For technical drawing and 3D rendering of the instrument, the transversoclasiotome, dedicated software was used (FreeCAD v0.18.4, as available at https://www.freecadweb.org/index.php), and files were created in.dwg format.

Application to anatomical dissection

The transversoclasiotome was used to open the transverse foramina in ten unembalmed cadavers. Subjects aged 65–88 (mean age 77, four males and six females) were included in the study. Exclusion criteria were a history of neck trauma, gross evidence of congenital or acquired vertebral disease, and previous cervical spine surgery. All the procedures were performed on human bodies from the Body Donation Program “Donation to Science” of the University of Padova [24] and Veneto Region/National Reference Center for preserving and using gifted bodies (Deliberation of the Regional Council of the Veneto Region n. 245, March 8th, 2019; n. 389,897), in accordance with national laws and the ethical standards of the regional/national research committees, and with the 1964 Helsinki Declaration and its later amendments or comparable ethical standards.

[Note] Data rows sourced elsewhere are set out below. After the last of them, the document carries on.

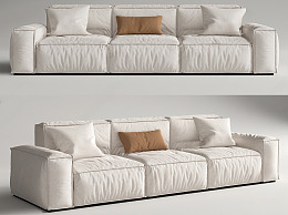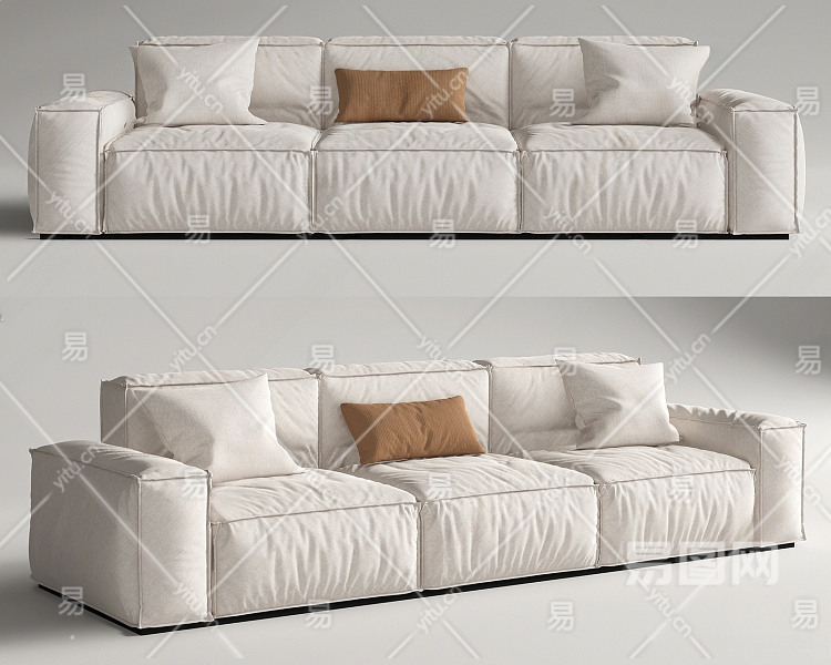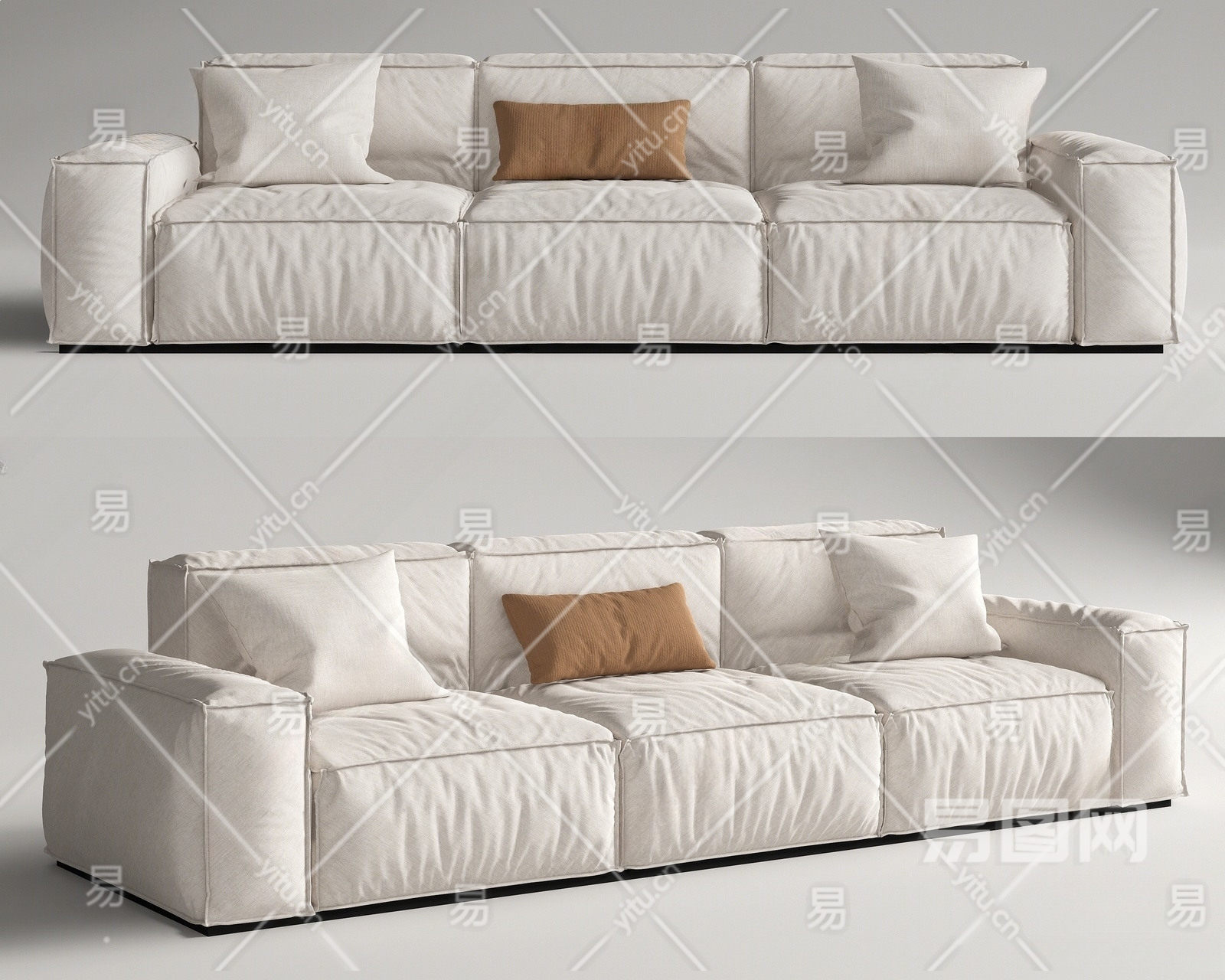 BONALDO现代奶油色豆腐块多人沙发 三人沙发 非转角
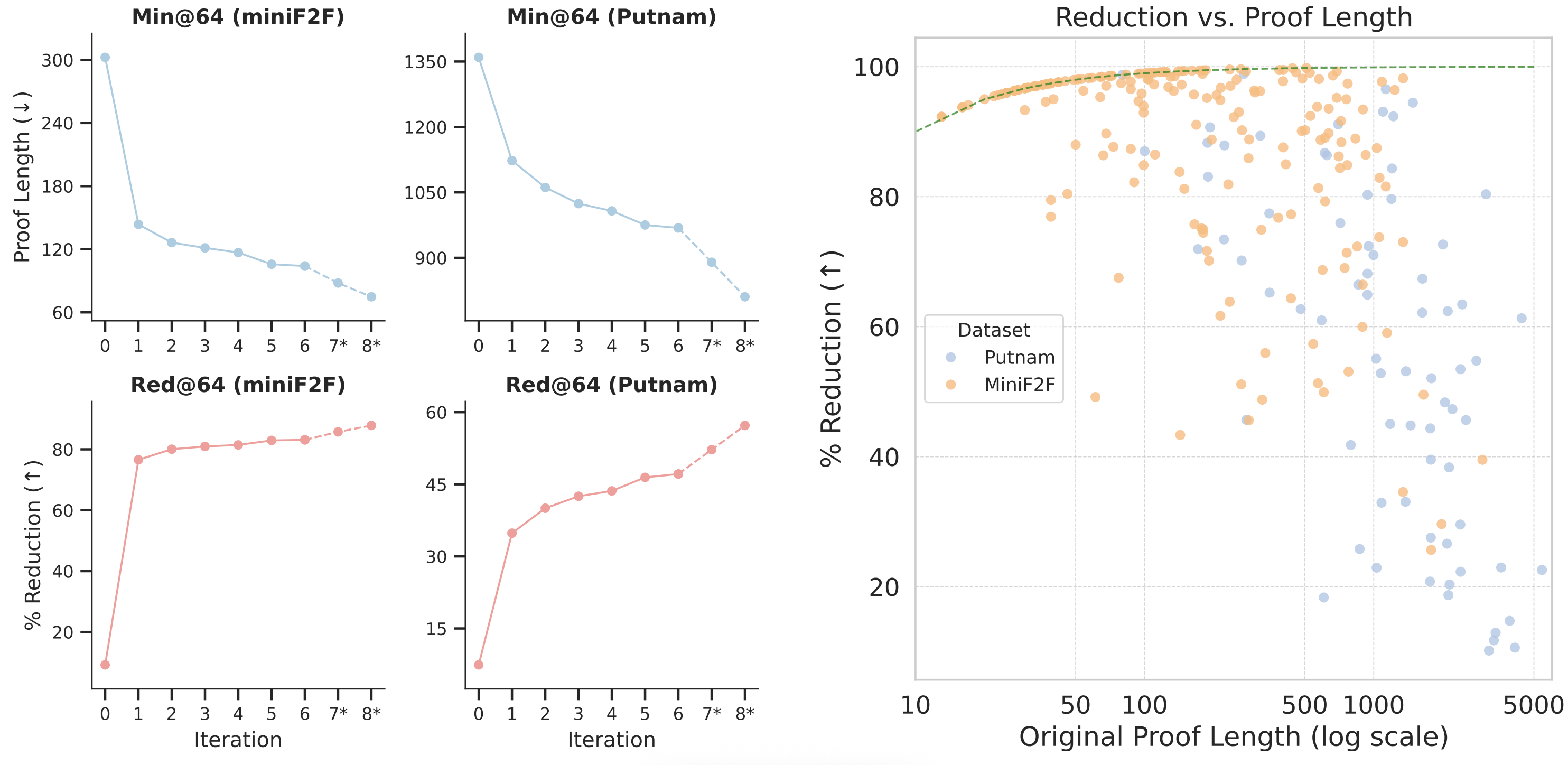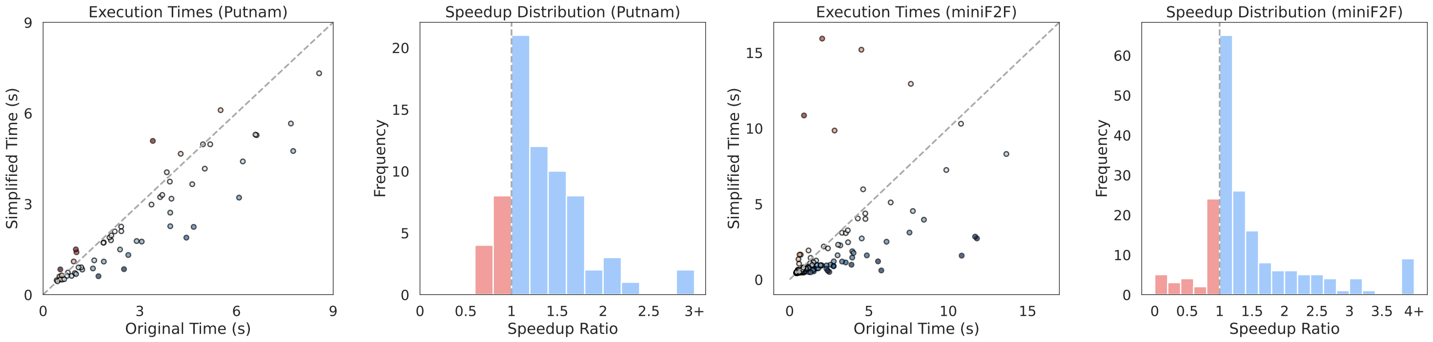 Simplified Proofs Run Faster: Simpler proofs don’t just read better—they often execute faster. Using Lean’s profiling tools, we compared the compilation times of original and simplified proofs. Across MiniF2F and PutnamBench, most simplified proofs ran faster, with roughly two-thirds showing at least a 10% speedup and many exceeding 50%. The improvement was especially large for proofs that were slow to begin with. The gains mainly come from eliminating redundant tactics, though in a few cases, shorter proofs were slower when they replaced efficient strategies with simpler but less optimized reasoning.
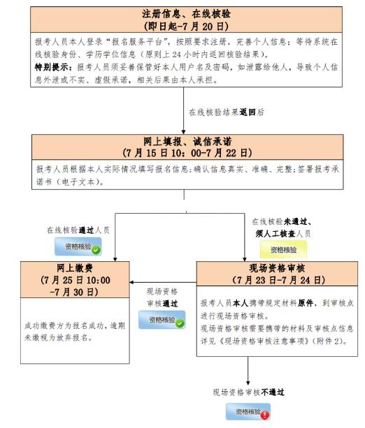 2019年7月15日10:00至7月22日,报考人员根据本人实际情况填写报名信息;确认信息真实、准确、完整;签署报考承诺书(电子文本)。
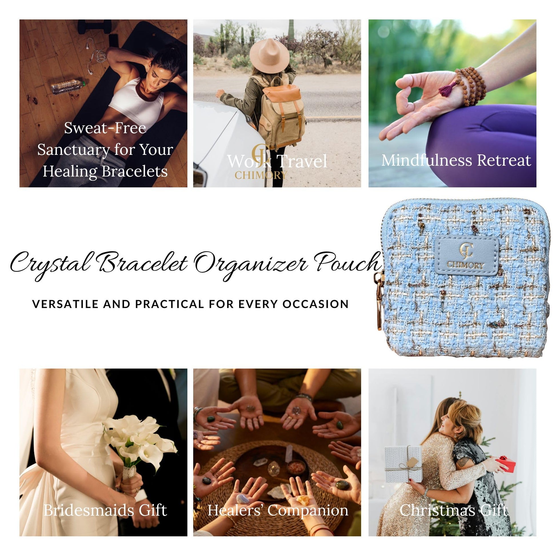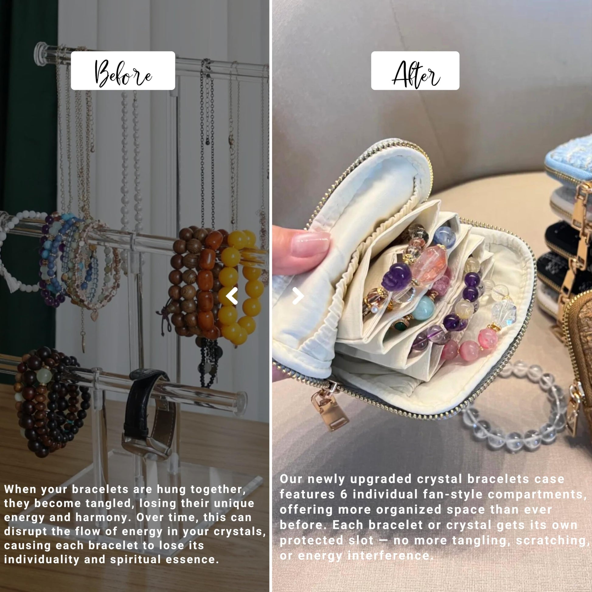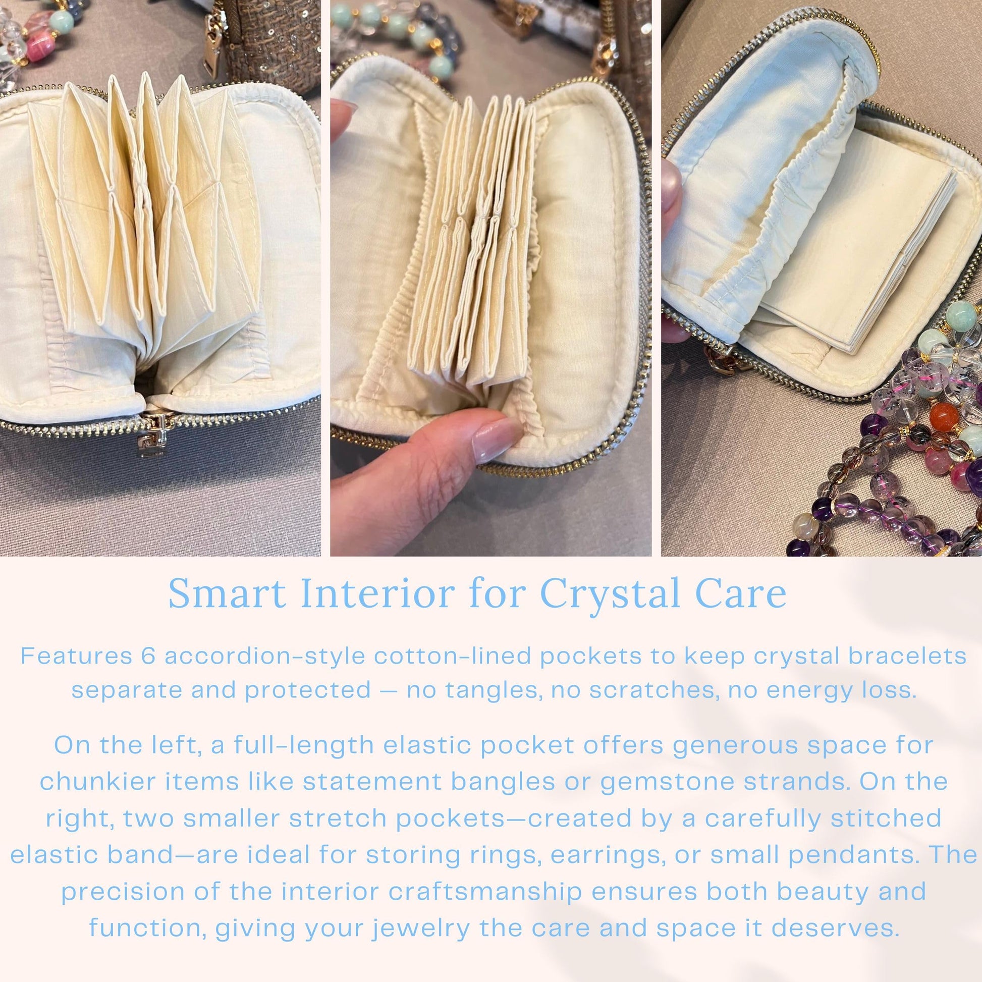 - Compact and Convenient for Travel - Dimension: 4.7" L x 4.7" W x 1.2" H; Weight: 0.12lbs / 58g. This travel jewelry pouch with six padded crystal bracelet compartments, two spacious side pockets, and a layer for rings and earrings, every item has a sacred space. Designed to keep your spiritual jewelry safe, organized, and energetically aligned, no more tangles, chips, or scratches.
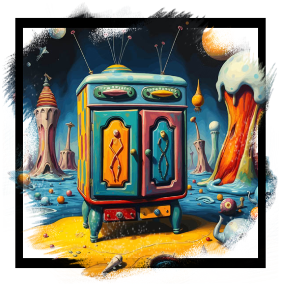 Brabbel-Incubator „die Nachwuchskiste“. S46rz sind non-binäre Wesen und vermehren sich mit Bluetooth-ähnlicher Telepathie. Klappt meist im Zustand höchster Erregung beim Tentakel Karaoke. Die Incubator brütet die Glibbereier aus, der BABEPOO betreut bis zum lauffähigen Alter von 3-4 Quantenz.
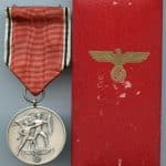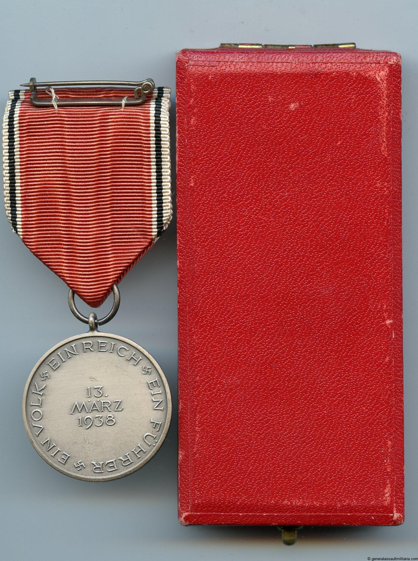 Austria annexation medal + case. Early tombac anschluss medal with silver plating in very good condition. Comes with matching case in used condition, small pitting damage on the top but overall nicely preserved.
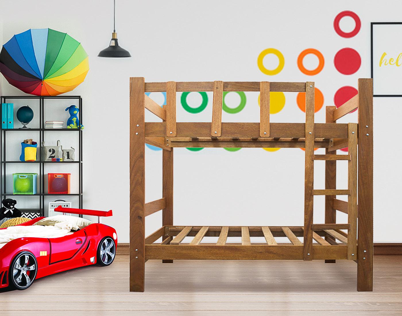 Cama elaborada en madera pino chileno Oregon, con diseño semiovalado en acabado rustico espejado con dos cajones en pura madera.
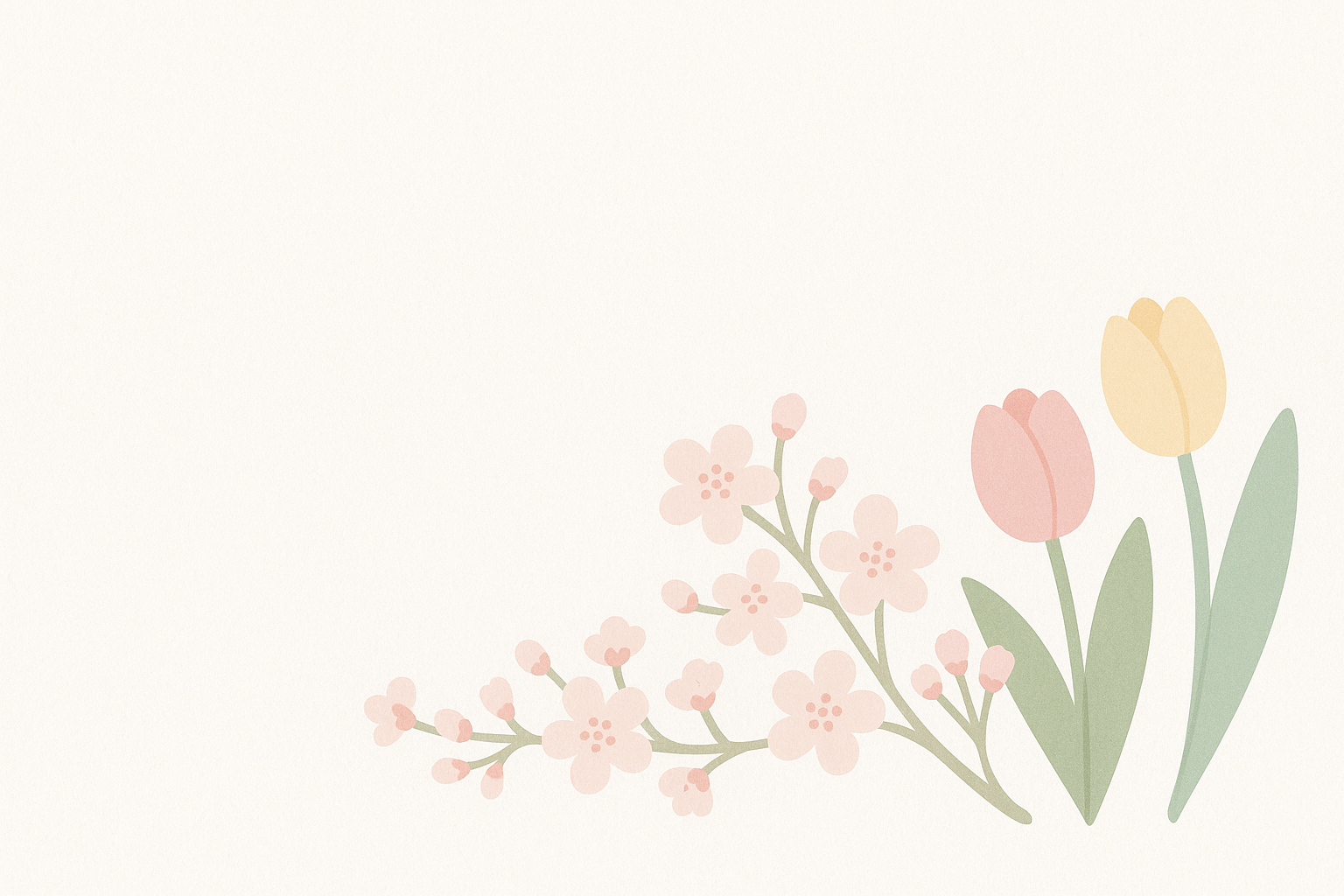Illustration minimaliste avec des tulipes jaunes et roses et des fleurs de cerisier stylisées en rose pâle, sur fond crème texturé. Couleurs pastel douces, composition florale en bas à droite, style épuré et professionnel. Idéal pour ambiance printanière, naturelle et élégante.
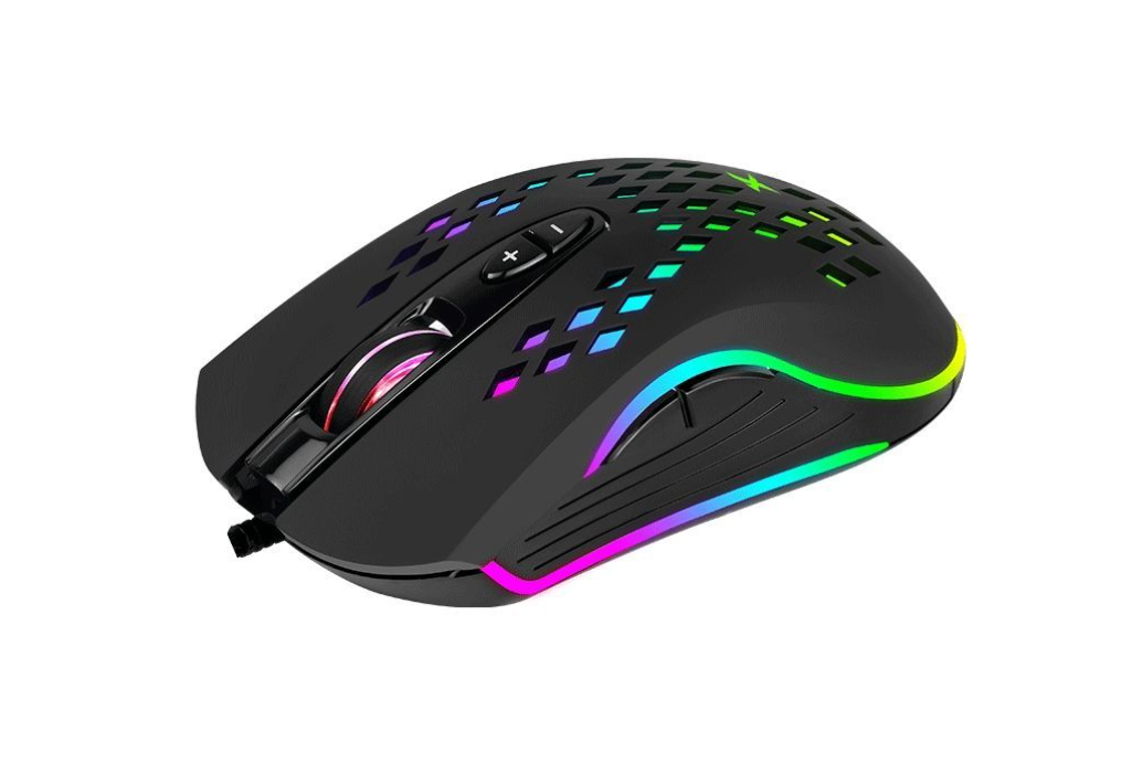 Технічні можливості Модель оснащена оптичним сенсором із максимальною роздільною здатністю 6400 dpi. Зміна чутливості здійснюється одним натисканням кнопки в діапазоні 800–1600–2400–3200–4800–6400 dpi, що дозволяє швидко адаптувати мишу до різних ігрових сценаріїв. Сім функціональних кнопок розташовані так, щоб забезпечити комфорт та миттєву реакцію — особливо важливо у динамічних іграх.
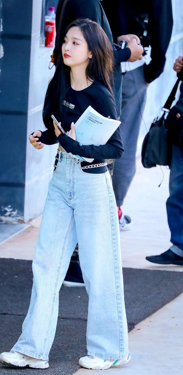 吴宣仪身上穿的这条牛仔裤还是比较宽松的直筒裤,这对身材要求不会太过挑剔,对大部分女生来说都非常的友好,特别是对一些比较特殊的人群,比如说腿部线条比较粗的女生,或者是胯比较宽的女生,也可以选择这类似牛仔裤来进行修饰。
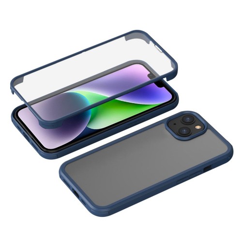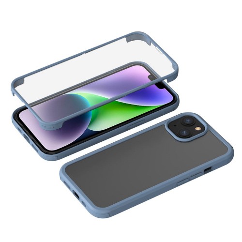 For iPhone 14 Single-sided Tempered Glass + TPU Phone Case Full Protection Anti-drop Cover – Blue
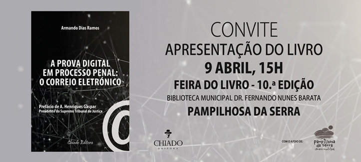 No próximo dia 9 de abril, pelas 15h00, realiza-se a sessão de apresentação dos livros: “A Prova Digital em Processo Penal: O Correio Eletrónico” de Armando Ramos e “O Vale da Tentação” de António Lopes.
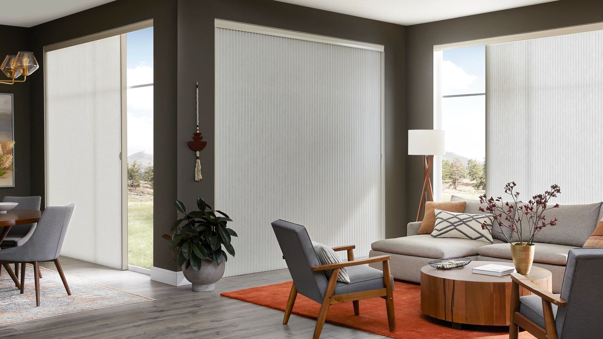 Vertical cellular shades are a great choice for blocking light on sliding doors and for their insulating properties — help keep your energy bills low.
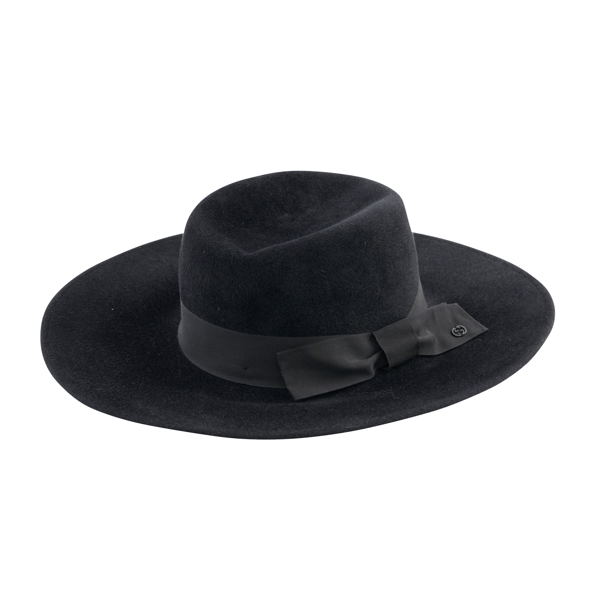 Styled in black felted wool with grosgrain ribbon detail, marked size L.

Written informed consent was provided to join the Body Donation Program. The privacy rights of human subjects were consistently observed. The cadavers were dissected anatomically in the supine position. The skin incision followed the anterior midline from between the mental protuberance to the jugular notch, and the anatomical dissection progressed layer-by-layer on both sides, including fasciae and muscles.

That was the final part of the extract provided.